The Queen’s speech, setting out the government’s agenda for the new session of parliament, confirmed ministers' plan to ensure more NHS services run on weekends.
The Queen said: ‘In England, my government will secure the future of the NHS by implementing the NHS's own five-year plan, by increasing the health budget, integrating health care and social care, and ensuring the NHS works on a seven-day basis. Measures will be introduced to improve access to GPs and to mental health care.’
The Conservatives promised in their election manifesto to ensure every patient in England would have 8 till 8 and seven-day GP access, a proposal which has been bitterly opposed by GPs.
GP access fund will cover 18 million patients
In a briefing note accompanying the Queen's speech, the government said the prime minister's GP access fund was already extending evening and weekend access and would cover 18 million patients by the end of the year. 'That access will be expanded further', it added.
GP leaders have hardened their language over the government's access plans since the Conservatives won a majority earlier this month. GPC chairman Dr Chaand Nagpaul made a last-ditch appeal to ministers to dump the proposals and focus on the workforce and funding crisis. Addressing the annual conference of UK LMCs, Dr Nagpaul called on David Cameron to ‘jettison the political pipe dreams of tomorrow and get real about how we resource, resuscitate and rebuild general practice’.

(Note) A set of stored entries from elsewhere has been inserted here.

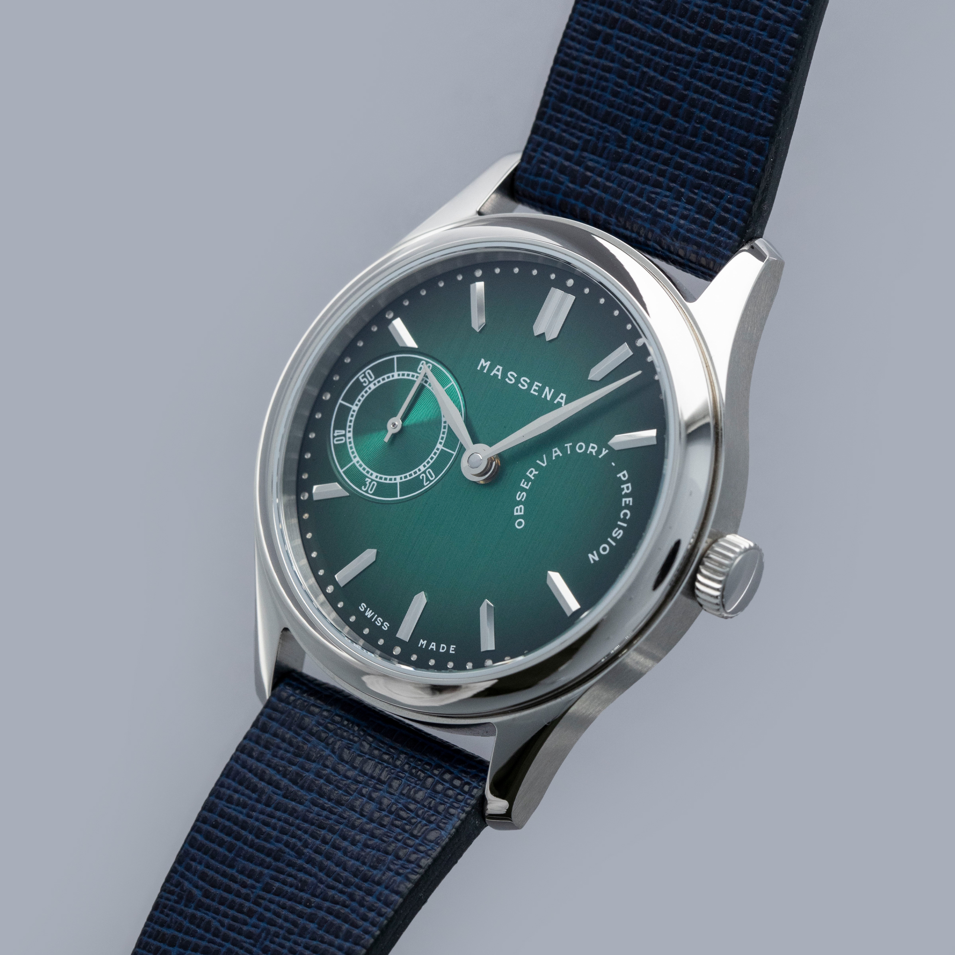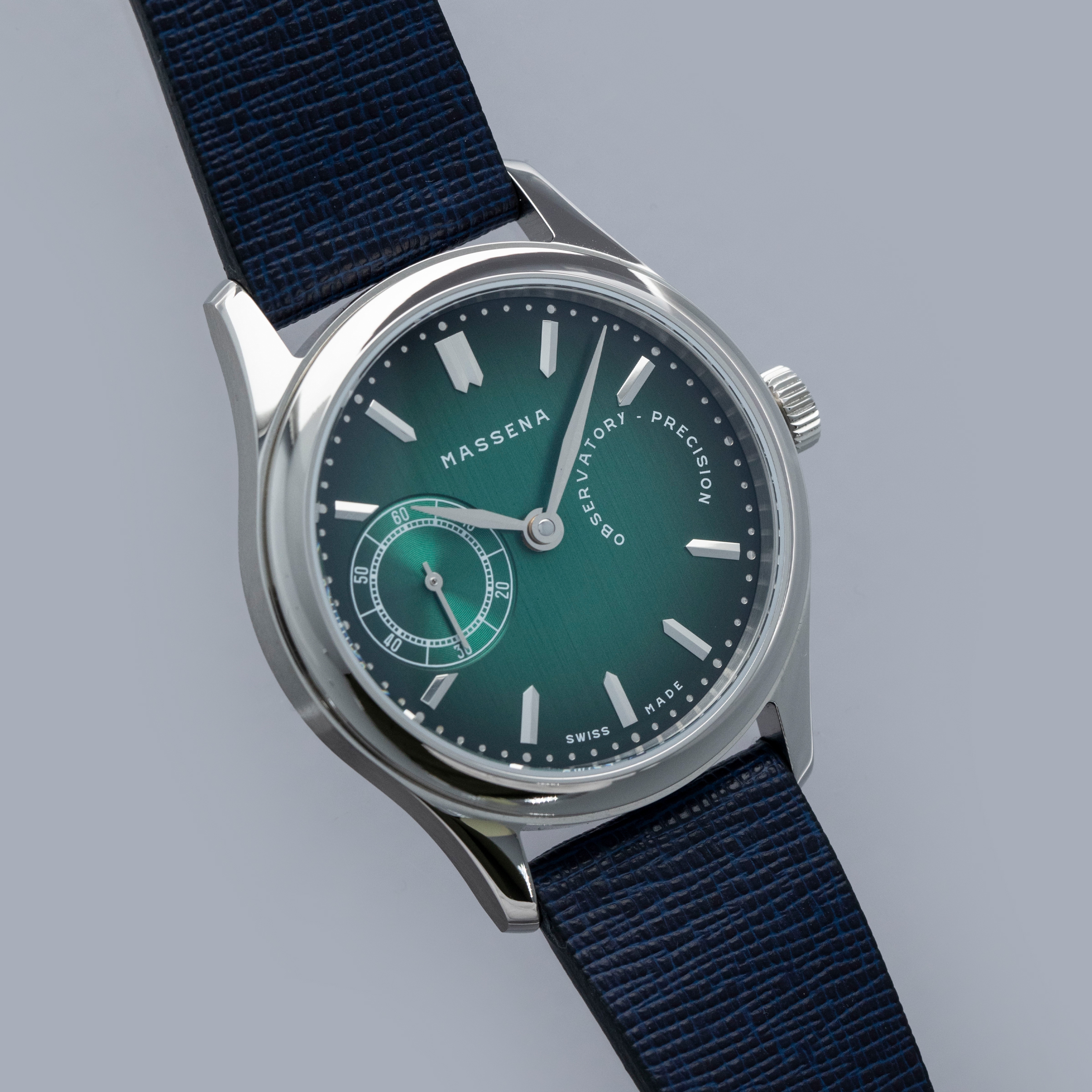 Launched in 2024 as the second collaborative release between horological creative studio Massena Lab and Raul Pages, the independent watchmaker, the watch that we have here is the limited edition of just 99 pieces Massena Lab x Raul Pages Absinthe. Made of stainless steel and measuring 38.5mm in diameter with a thickness of only 10mm, the Absinthe comes with a stunning vertically brushed emerald green dial with a fumé effect, with its green color leaning towards a dark forest green tone along the periphery and a bright green in the center. Using inscriptions to balance its running seconds subdial at 9 o’clock, the Absinthe is a delightfully legible timepiece, and delightfully stylish. Powered by the Raul Pages x Massena Lab-developed manual-wind cal. M690, the Absinthe is a technically astute timepiece that matches its stylish good looks with some impressive watchmaking.
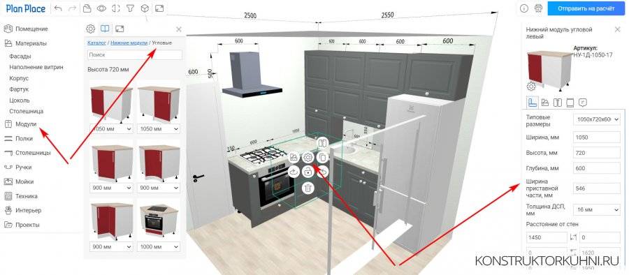 После того, как вы нарисовали кухню, вы можете узнать ее цену в Москве. Для этого нажмите на кнопку “Отправить на расчет”, после этого с вами свяжется менеджер московской мебельной компании.
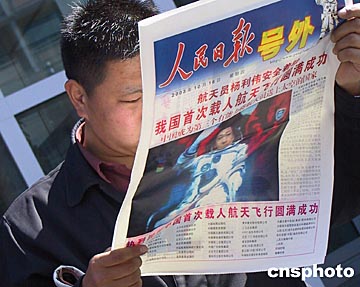 香港輿論聚焦“神舟”五號征空成功市民紛紛搶閱
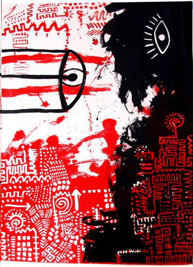 The subject of the main part of my diploma thesis is building walls and building divisions in everyday interpersonal relations. Their origin is a variety of disagreements and everyday events, which often can take on a value that is disproportionate to its own weight. for this reason. For this reason my work has taken a panoramic form, which aims to resemble a wall or even a mural, and thus it can become an object presenting or shouting subjective dissatisfaction or commentary to a sensitive situation as it happens in public space. Through the accumulation of strokes and spots, I wanted to refer to the amount of duties that we have to face every day, stuffing everything in time and chaos, which usually happens around. Figurative objects, like the texts contained in the works, are exaggerated and are to be a commentary on taking certain trivial matters seriously. A similar function is to be performed here by the use of a color that gives the work a free character and far from the seriousness mentioned above. The graphics cycle was made entirely by lithography, using asphalt, crayons, mascara and several reprints. I wanted the work to be expressive not only by the drawings themselves, but also by the use of various media to reflect the often chaotic nature of everyday life through its diverse track.
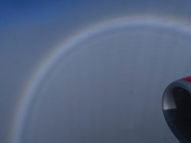 Regenbogen und Glorie treten auf, wenn der Beobachter die Sonne im Rücken hat und der Schatten auf eine "Tropfenwand" trifft. Außerdem muss die Tropfenwand ausreichen ausgedehnt sein, damit man den Regenbogen noch gleichzeitig mit der Glorie sieht. Die Bedingung Schatten des Beobachters auf ausreichend ausgedehnten der Wand sind selten gegeben. Leichter findet man sie vom Flugzeug aus. Das obere Bild zeigt den Schatten des Flugzeugs (des Beobachters) der von einem hellen, kreisrunden Fleck umgeben ist und am Rand den Ausschnitt des Regenbogensystems. Im unteren Bild - aufgenommen mit einer kleineren Brennweite - zeigt mehr vom Regenbogen. Den Schatten des Flugzeugs mit dem weißen Fleck (Glorie) kann man nur noch andeutungsweise erkennen.
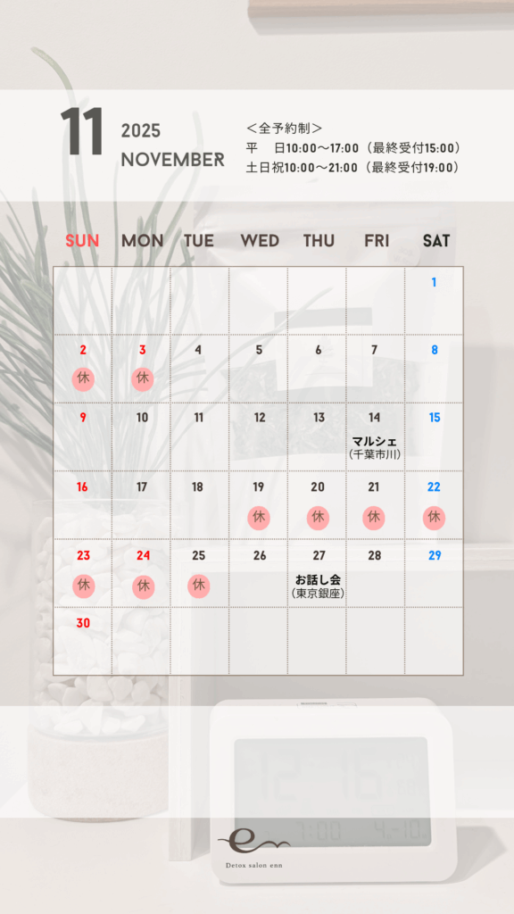 よもぎ蒸しとゴッドクリーナーをメニューとする “ 温める×巡らせる×出す ” を大切にした【温活×デトックス専門サロン】のDetox salon enn(デトックスサロンエン)です🌿 気候も過ごしやすくなってきて、いよいよ秋本番ですね😊 ... -
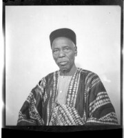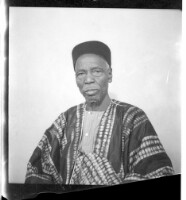 An old man sitting wearing a boubou and hat in profile in the studio.
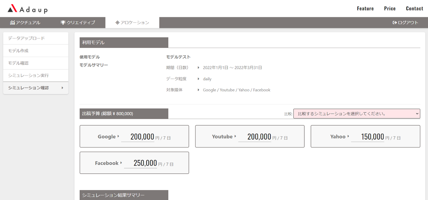 また、メディアアロケーションで期待される成果をAIでシミュレーションし、広告効果の最大化を支援します。
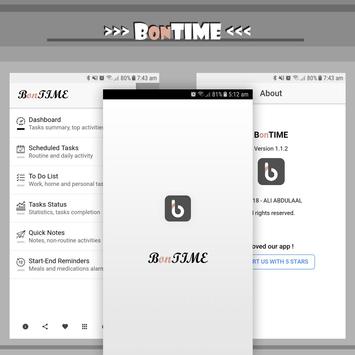 صمم تطبيق BonTIME ليكون ملائمًا و قادرًا على مساعدتك في تنظيم وقتك و اداء المهام اليومية بشكل سهل جدًا من خلال العديد من الخيارات و المميزات التي تسمح لك بإنجاز أعمالك في الوقت المناسب و استغلال اوقات فراغك باشياء اخرى مفيدة
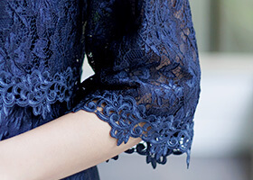 ひじが隠れる長さのレースの袖は、ほんのり上品な透け感です。

‘Ministers must halt their surreal obsession for practices to open seven days when there aren’t the GPs to even cope with current demands’, he said.
GPC executive member Dr Beth McCarron Nash told the conference it would be ‘completely unacceptable’ for the government to impose seven-day services in the GP contract. Executive member Dr Charlotte Jones added: ‘There is no way they are going to impose that on us.’
The prime minister said last week there would be a ‘new deal’ for general practice, recruiting 5,000 more GPs and providing new investment and training.
The ‘big vision’, the prime minister said, was for ‘a modern NHS working for you seven days of the week - when you need it, where you need it’.
The vision, Mr Cameron added, was rethinking primary care: ‘Prevention, not just treatment. Tackling causes, not just symptoms. Treating the whole person, not just an individual ailment’.